Before the pandemic, military spouse unemployment was 22%. Since the pandemic, it's expected to rise to 35%.
Sue eventually found a job working at a military-focused nonprofit, and it helped her get the experience she needed to create her own dedicated military spouse program. She wrote a book and started saving up enough money to start the National Military Spouse Network (NMSN), which she founded in 2010 as the first organization of its kind.
"I founded the NMSN to help professional military spouses develop flexible careers they could perform from any location."
"Over the years, the program has expanded to include a free digital magazine, professional development events, drafting annual White Papers and organizing national and local advocacy to address the issues of most concern to the professional military spouse community," she says.
Not only was NMSN's mission important to Sue on a personal level she also saw it as part of something bigger than herself.

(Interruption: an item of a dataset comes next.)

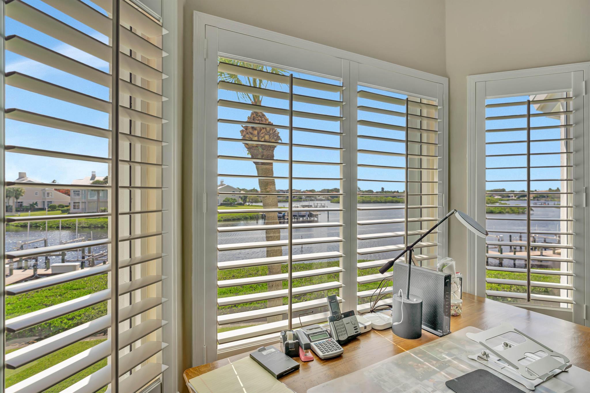 Come home to a beautifully renovated second-floor Harbor Home featuring bright southern exposure and wide water views! This residence offers impact windows, a private elevator, and elegant wood flooring. The custom kitchen showcases rich wood cabinetry, while the primary bath impresses with dual vanities, a freeform soaking tub, and shower. The guest bedroom includes a convenient king-sized Murphy bed, easily converting the space into a home office. Enjoy the screened lanai, perfect for lounging, reading, or savoring your morning coffee and meals al fresco while overlooking the tranquil waters. A boat lift and composite dock accommodate up to a 34-foot boat with ocean access. Ideally located on a quiet, tree-lined cul-de-sac on Spyglass Way, this home benefits from newly painted buildings
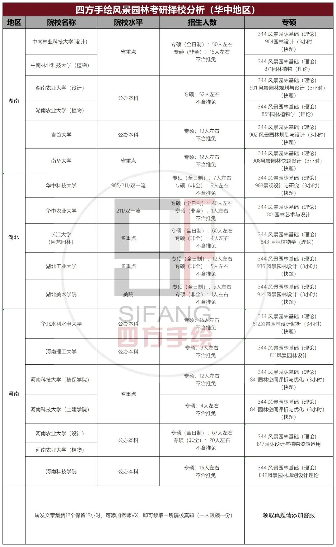 华中地区风景园林考研院校分析:

"Gone are the days when families can thrive on one salary. Like everyone else, most military families rely on two salaries to make ends meet. If a military spouse wants or needs to work, they should be able to," she says.
"When less than one percent of our population serves in the military," she continues, "we need to be able to not only recruit the best and the brightest but also retain them."
"We lose out as a nation when service members leave the force because their spouse is unable to find employment. We see it as a national security issue."
"The NMSN team has worked tirelessly to jumpstart the discussion and keep the challenges affecting military spouses top of mind. We have elevated the conversation to Congress and the White House," she continues. "I'm so proud of the fact that corporations, the government, and the general public are increasingly interested in the issues affecting military spouses and recognizing the employment roadblocks they unfairly have faced."
"We have collectively made other people care, and in doing so, we elevated the issues of military spouse unemployment to a national and global level," she adds. "In the process, we've also empowered military spouses to advocate for themselves and our community so that military spouse employment issues can continue to remain at the forefront."
Not only has NMSN become a sought-after leader in the military spouse employment space, but Sue has also seen the career she dreamed of materializing for herself. She was recently invited to participate in the public re-launch of Joining Forces, a White House initiative supporting military and veteran families, with First Lady Dr. Jill Biden.
She has also had two of her recommendations for practical solutions introduced into legislation just this year. She was the first in the Air Force community to show leadership the power of social media to reach both their airmen and their military families.
That is why Sue is one of Tory Burch's "Empowered Women" this year. The $5,000 donation will be going to The Madeira School, a school that Sue herself attended when she was in high school because, she says, "the lessons I learned there as a student pretty much set the tone for my personal and professional life. It's so meaningful to know that the donation will go towards making a Madeira education more accessible to those who may not otherwise be able to afford it and providing them with a life-changing opportunity."
Most military children will move one to three times during high school so having a continuous four-year experience at one high school can be an important gift. After traveling for much of her formative years, Sue attended Madeira and found herself "in an environment that fostered confidence and empowerment. As young women, we were expected to have a voice and advocate not just for ourselves, but for those around us."